[Records from a collection]
::::::::

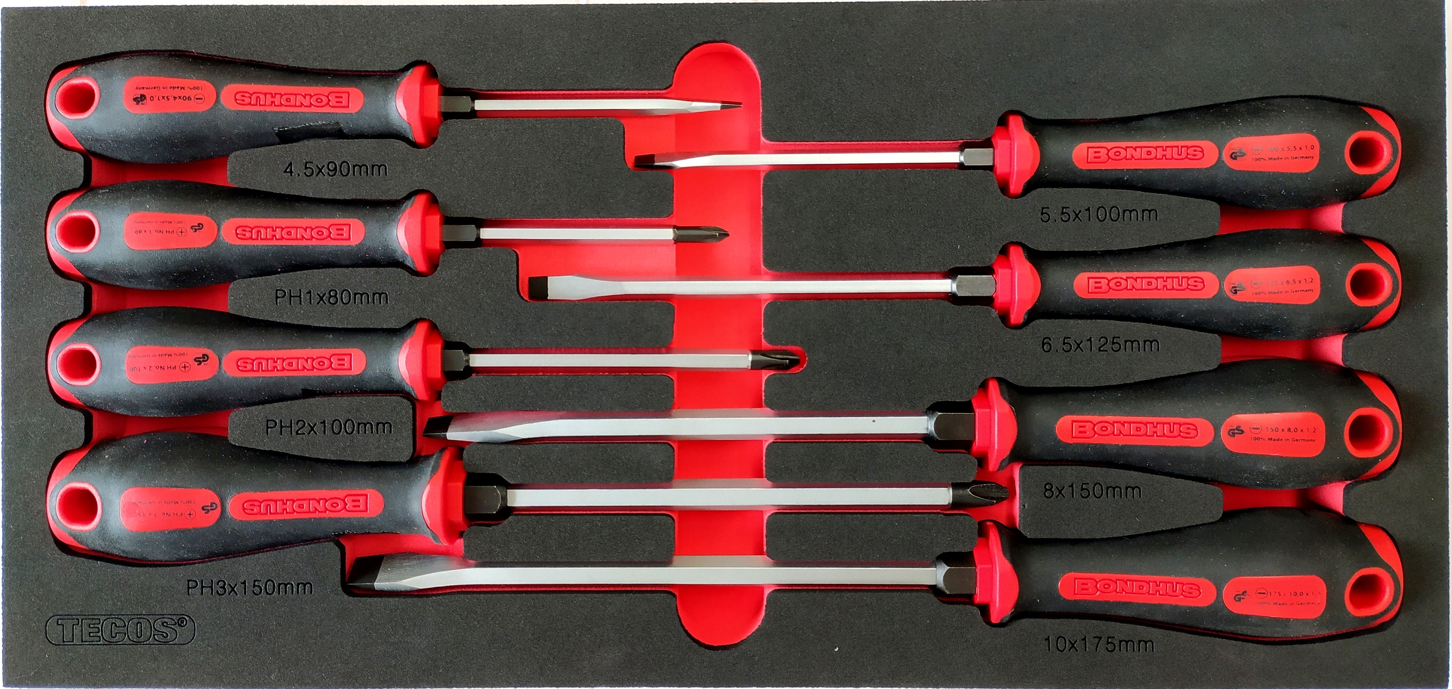 Tecos Skruetrækkersæt bestående af 8 skruetrækkere i PH og lige. Kraftig hex klinge og slagfast kerne. 8 dele Bondhus.
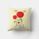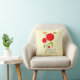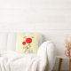 Coussin qui dit : Bonjour le printemps. Conçu avec un dessin charmant de plusieurs fleurs rouges fantaisistes avec des coeurs gras attachés à une tige verte. 2 papillons jaunes planent à proximité. Dessiné avec un contour noir.
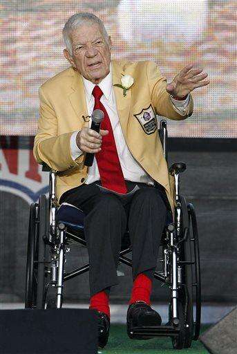 FILE- In this Aug. 6, 2011, file photo, Ed Sabol speaks during the induction ceremony at the Pro Football Hall of Fame in Canton, Ohio. Sabol, the NFL Films founder who revolutionized sports broadcasting and transformed pro football from an up-and-coming sport to must-watch theater died Monday, Feb. 9, 2015, the league said. He was 98. (AP Photo/Ron Schwane, File) The Associated Press
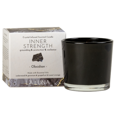 The INNER STRENGTH candle, associated with the root chakra, contains Obsidian crystals, known to help anchor our energy in the present and promote resilience in times of stress. The essential oils of cedarwood, geranium, grapefruit and sweet orange reinforce the feeling of stability and balance.
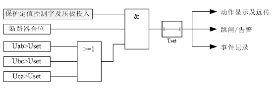 保護(hù)軟壓板及控制投入,當(dāng)任一相線電壓大于設(shè)定值時(shí),經(jīng)延時(shí)跳閘或告警。
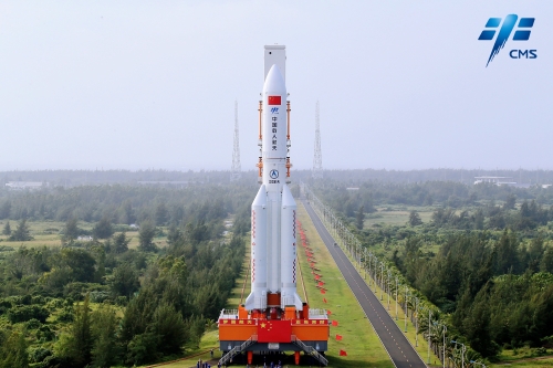 梦天实验舱与长征五号B火箭组合体垂直转运

::::::::

TRY IT
The data above should be repeated exactly, minus any pictures.

EXERCISE OUTPUT
 Tecos Skruetrækkersæt bestående af 8 skruetrækkere i PH og lige. Kraftig hex klinge og slagfast kerne. 8 dele Bondhus.
 Coussin qui dit : Bonjour le printemps. Conçu avec un dessin charmant de plusieurs fleurs rouges fantaisistes avec des coeurs gras attachés à une tige verte. 2 papillons jaunes planent à proximité. Dessiné avec un contour noir.
 FILE- In this Aug. 6, 2011, file photo, Ed Sabol speaks during the induction ceremony at the Pro Football Hall of Fame in Canton, Ohio. Sabol, the NFL Films founder who revolutionized sports broadcasting and transformed pro football from an up-and-coming sport to must-watch theater died Monday, Feb. 9, 2015, the league said. He was 98. (AP Photo/Ron Schwane, File) The Associated Press
 The INNER STRENGTH candle, associated with the root chakra, contains Obsidian crystals, known to help anchor our energy in the present and promote resilience in times of stress. The essential oils of cedarwood, geranium, grapefruit and sweet orange reinforce the feeling of stability and balance.
 保護(hù)軟壓板及控制投入,當(dāng)任一相線電壓大于設(shè)定值時(shí),經(jīng)延時(shí)跳閘或告警。
 梦天实验舱与长征五号B火箭组合体垂直转运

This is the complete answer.